Perhaps, I am an infrequent visitor. Any tangible conclusions?


----------



## Creakyknees (Sep 21, 2003)

melanerpes said:


> . Any tangible conclusions?


Yes... they are published in the results sheets from all the races this year....


----------



## Dan Gerous (Mar 28, 2005)

Creakyknees said:


> Yes... they are published in the results sheets from all the races this year....


Ha Ha! :thumbsup:

Well, since Philippe himself isn't sure why, I think everything that was said is just speculation. He's been sick (virus, tooth thing), he probably didn't prepare as well, motivation might not be as high as before (some say signing a 3 year multi million Euro contract can do that) and with the World's course pretty much perfect for him, he may very well be staying out of peak form on purpose until September, to come in there fresh...


----------



## harlond (May 30, 2005)

melanerpes said:


> Perhaps, I am an infrequent visitor. Any tangible conclusions?


The competition is very good and highly motivated as well.


----------



## thechriswebb (Nov 21, 2008)

Its kind of weird that the same thing happened to Thor this year. Two of the highest profile riders BMC brought in this year just couldn't make it happen.


----------



## qatarbhoy (Aug 17, 2009)

And it didn't happen for Cadel either. Who's the team chef?


----------



## Kneedragon (Jul 27, 2010)

qatarbhoy said:


> And it didn't happen for Cadel either. Who's the team chef?


Or, who's the team doctor? :smilewinkgrin:


----------



## Salsa_Lover (Jul 6, 2008)

thechriswebb said:


> Its kind of weird that the same thing happened to Thor this year. Two of the highest profile riders BMC brought in this year just couldn't make it happen.



0 Dope tolerance in BMC, 

Hard for the the new in the team to adapt to it :idea:


----------



## 4Crawler (Jul 13, 2011)

67caddy said:


> Jim Ochowicz was driving the team car in January during a winter training camp. He inadvertently cut off an old gypsy riding a trike. She cursed BMC to a year of Pro-Tour oblivion. It's seems to have stuck.


That should be "Romani", not "gypsy":
- http://en.wikipedia.org/wiki/Romani_people
- http://forum.wordreference.com/showthread.php?t=63387


----------



## roddjbrown (Jan 19, 2012)

Salsa_Lover said:


> 0 Dope tolerance in BMC,
> 
> Hard for the the new in the team to adapt to it :idea:


Quite a lot of the peloton seem to be struggling with the whole non-doping thing. Poor little sausages.


----------



## Local Hero (Jul 8, 2010)

Do people think that the biological passport is a success?


----------



## trailrunner68 (Apr 23, 2011)

Salsa_Lover said:


> 0 Dope tolerance in BMC,
> 
> Hard for the the new in the team to adapt to it :idea:


When did the zero tolerance start? The owner of the team paid for Landis' doping program. Ochowicz offered to help Floyd evade taxes; he was also an integral part of Armstrong's doping operation.

Didn't the doctor who was at Omega when Gilbert was tearing it up move to Quickstep, which has now seen the resurgence of Boonen?


----------



## goloso (Feb 4, 2004)

Local Hero said:


> Do people think that the biological passport is a success?


I thnk the power numbers and VAMs speak for themselves. My impression is that it is like the 50% hemocrit limit. It doesn’t stop doping, it puts a ceiling on its effectiveness and makes it riskier. 

My hope is that someone invents an inexpensive, easy to administer test for blood volume and circulating hemoglobin mass. Give every rider one of these at sign in and a few out of competition tests and that will end this blood doping nonsense forever.


----------



## roddjbrown (Jan 19, 2012)

Local Hero said:


> Do people think that the biological passport is a success?


Power numbers and VAM down.
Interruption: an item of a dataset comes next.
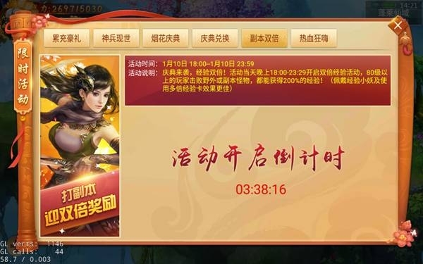 活動(dòng)說(shuō)明:活動(dòng)期間內(nèi),第一天經(jīng)驗(yàn)翻倍,第二、三天特定副本雙倍掉落,道具獎(jiǎng)勵(lì)超爽翻倍!

Excitement down. I think it's a success but i get the feeling many define success by excitement.


----------



## qatarbhoy (Aug 17, 2009)

Local Hero said:


> Do people think that the biological passport is a success?


I heard (from A Reliable Sauce) that the teams can easily identify apparently promising young riders whose bio passports suggest something is up, so they give them the thumbs down when it comes to offering contracts. 

Well, some teams do. Others are less scrupulous. So, a partial success.


----------



## gordy748 (Feb 11, 2007)

trailrunner68 said:


> When did the zero tolerance start? The owner of the team paid for Landis' doping program. Ochowicz offered to help Floyd evade taxes; he was also an integral part of Armstrong's doping operation.
> 
> Didn't the doctor who was at Omega when Gilbert was tearing it up move to Quickstep, which has now seen the resurgence of Boonen?


Great stuff here. Where is your proof?


----------



## trailrunner68 (Apr 23, 2011)

gordy748 said:


> Great stuff here. Where is your proof?


Ask Landis.


----------



## Cinelli 82220 (Dec 2, 2010)

Landis? The guy who can't lie because he's a Mormon!


----------



## goloso (Feb 4, 2004)

roddjbrown said:


> Power numbers and VAM down. Excitement down. I think it's a success but i get the feeling many define success by excitement.


The Giro and classics weren't exciting?


----------



## Dan Gerous (Mar 28, 2005)

goloso said:


> The Giro and classics weren't exciting?


The Tour GC wasn't, but many stages were exciting and yeah, did you miss all the races before the Tour roddjbrown?


----------



## roddjbrown (Jan 19, 2012)

Dan Gerous said:


> The Tour GC wasn't, but many stages were exciting and yeah, did you miss all the races before the Tour roddjbrown?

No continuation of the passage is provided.